Problem >> Pictures must not appear in the copy. Set down exactly the line with "胡凌云书记向圆满完成学业的工" and each line after it through the end of the data below.

Data >>
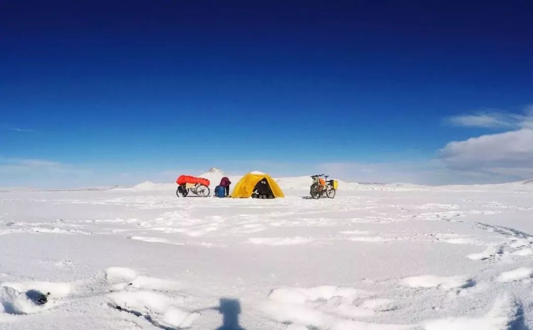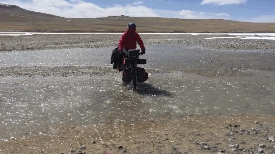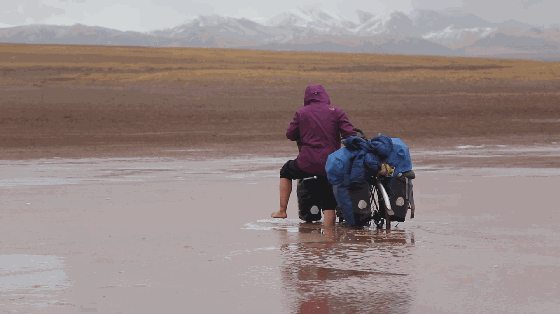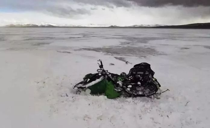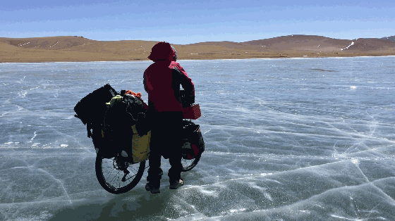 过冰面8次,最长冰面18公里。由于没带冰爪,稍不注意,负重百斤的自行车就会倒地,反正出羌塘时,我们的膝盖都是紫的。
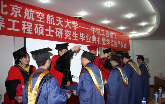 胡凌云书记向圆满完成学业的工程硕士表示祝贺,介绍了beat365亚洲版官网服务社会的理念,指出北航各项卓有成效的工程硕士培养工作,满足了高层次人才知识更新、岗位适应、能力提升的学习需求,为空天信等行业培养了一大批高层次管理人才和技术专家,许多毕业生已经成为企业发展的中坚力量。胡书记与毕业生们郑重约定:“同学们肩负着成飞乃至中国航空工业发展的重大历史使命,请你们将北航求学经历和青春激情转化为人生远航的动力,希望你们乐于学习、敢于创新、勇于攻关、甘于奉献,充分释放正能量,为中航工业成飞跨越式发展增光添彩,共同实现中华民族伟大复兴的航空梦!”
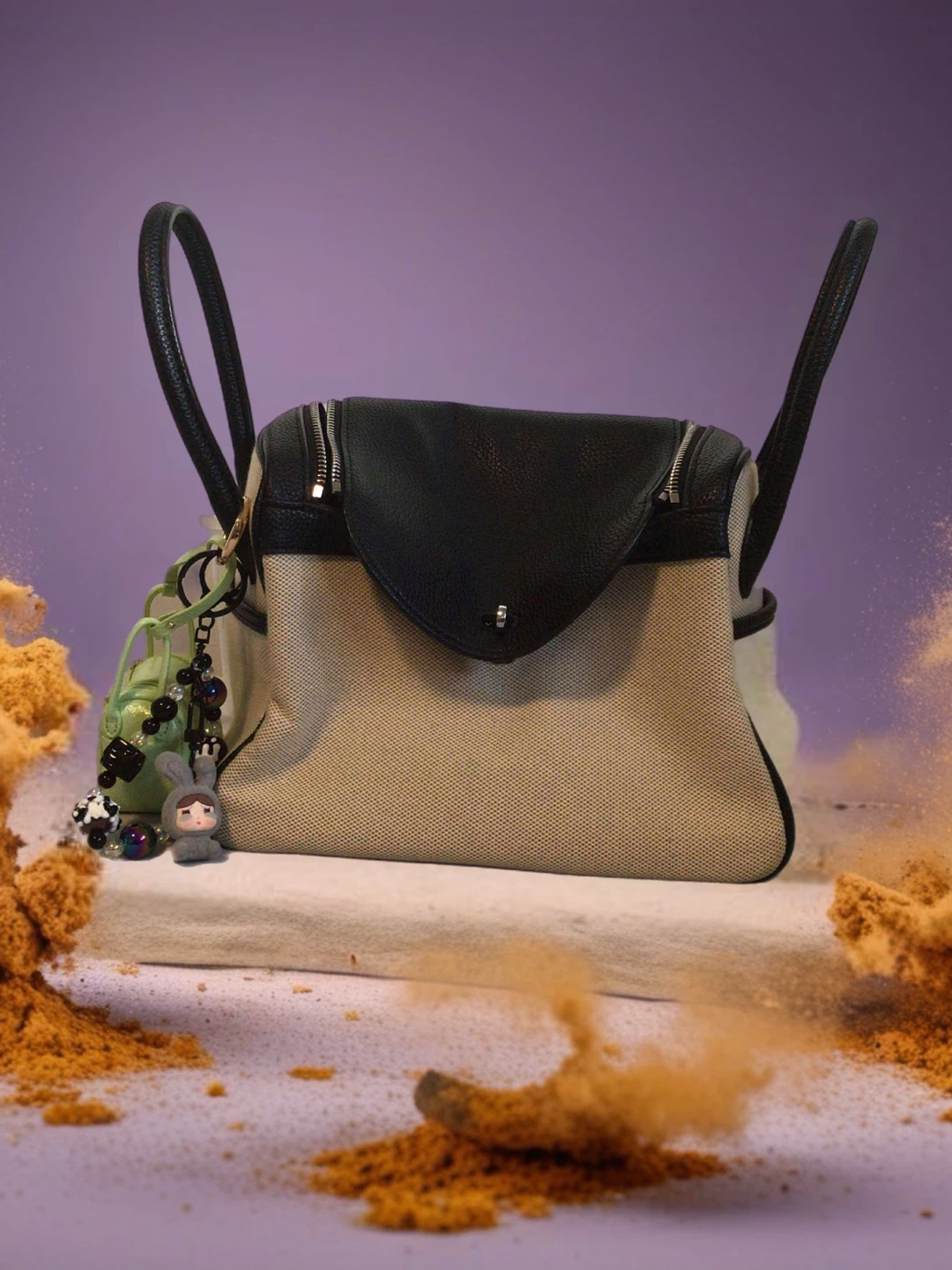 Selling a beautiful Black Zip 31 handbag! This stylish bag features a unique design with a black leather flap and a beige canvas body. Perfect for everyday use and adding a touch of elegance to any outfit

Result for this exercise >>
 胡凌云书记向圆满完成学业的工程硕士表示祝贺,介绍了beat365亚洲版官网服务社会的理念,指出北航各项卓有成效的工程硕士培养工作,满足了高层次人才知识更新、岗位适应、能力提升的学习需求,为空天信等行业培养了一大批高层次管理人才和技术专家,许多毕业生已经成为企业发展的中坚力量。胡书记与毕业生们郑重约定:“同学们肩负着成飞乃至中国航空工业发展的重大历史使命,请你们将北航求学经历和青春激情转化为人生远航的动力,希望你们乐于学习、敢于创新、勇于攻关、甘于奉献,充分释放正能量,为中航工业成飞跨越式发展增光添彩,共同实现中华民族伟大复兴的航空梦!”
 Selling a beautiful Black Zip 31 handbag! This stylish bag features a unique design with a black leather flap and a beige canvas body. Perfect for everyday use and adding a touch of elegance to any outfit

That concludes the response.